- Work instruction
Would you copy, word for word, each line from the one with "Esta encantadora invitación" to the end of the listing below, skipping all pictures?

- Data segment

● ● ● ● ● ● ●

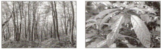 (2025·江苏扬州高一期末)常绿阔叶林在我国南方地区广泛分布。下图为我国某地常绿阔叶林及树叶景观图。据此完成 3~4 题。
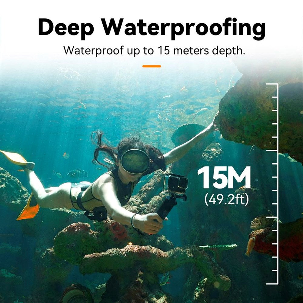 Det kompakte og lette design (kun 84g og 30cm langt) gør det nemt at pakke i tasken og tage med overalt. Uanset om du er på ferie, undervandseventyr eller bare vil optage i vandkanten, er dette håndgreb din perfekte makker.
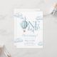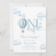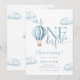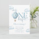 Esta encantadora invitación de cumpleaños número uno presenta un lindo globo aerostático azul y nubes, junto con tipografía de letra elegante. Diseñado por Thisisnotme©
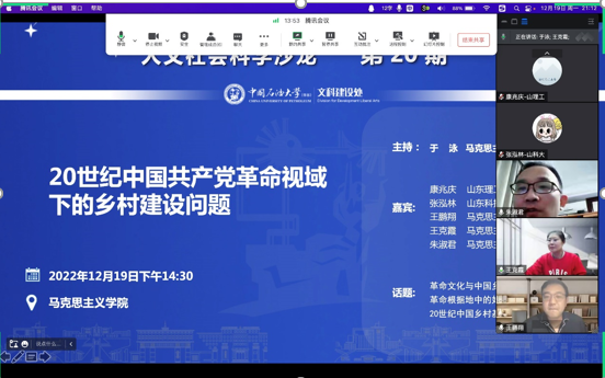 2022年12月19日下午,由学校文科处主办,Beat365中文官方网站承办的第20期人文社会科学青年学者沙龙在线上成功举办。本次沙龙由中国近现代史纲要教研室于泳主持,主题为“20世纪中国共产党革命视域下的乡村建设问题”,邀请山东理工大学、山东科技大学相关领域青年学者及本教研室青年教师参加。

● ● ● ● ● ● ●

- The answer
 Esta encantadora invitación de cumpleaños número uno presenta un lindo globo aerostático azul y nubes, junto con tipografía de letra elegante. Diseñado por Thisisnotme©
 2022年12月19日下午,由学校文科处主办,Beat365中文官方网站承办的第20期人文社会科学青年学者沙龙在线上成功举办。本次沙龙由中国近现代史纲要教研室于泳主持,主题为“20世纪中国共产党革命视域下的乡村建设问题”,邀请山东理工大学、山东科技大学相关领域青年学者及本教研室青年教师参加。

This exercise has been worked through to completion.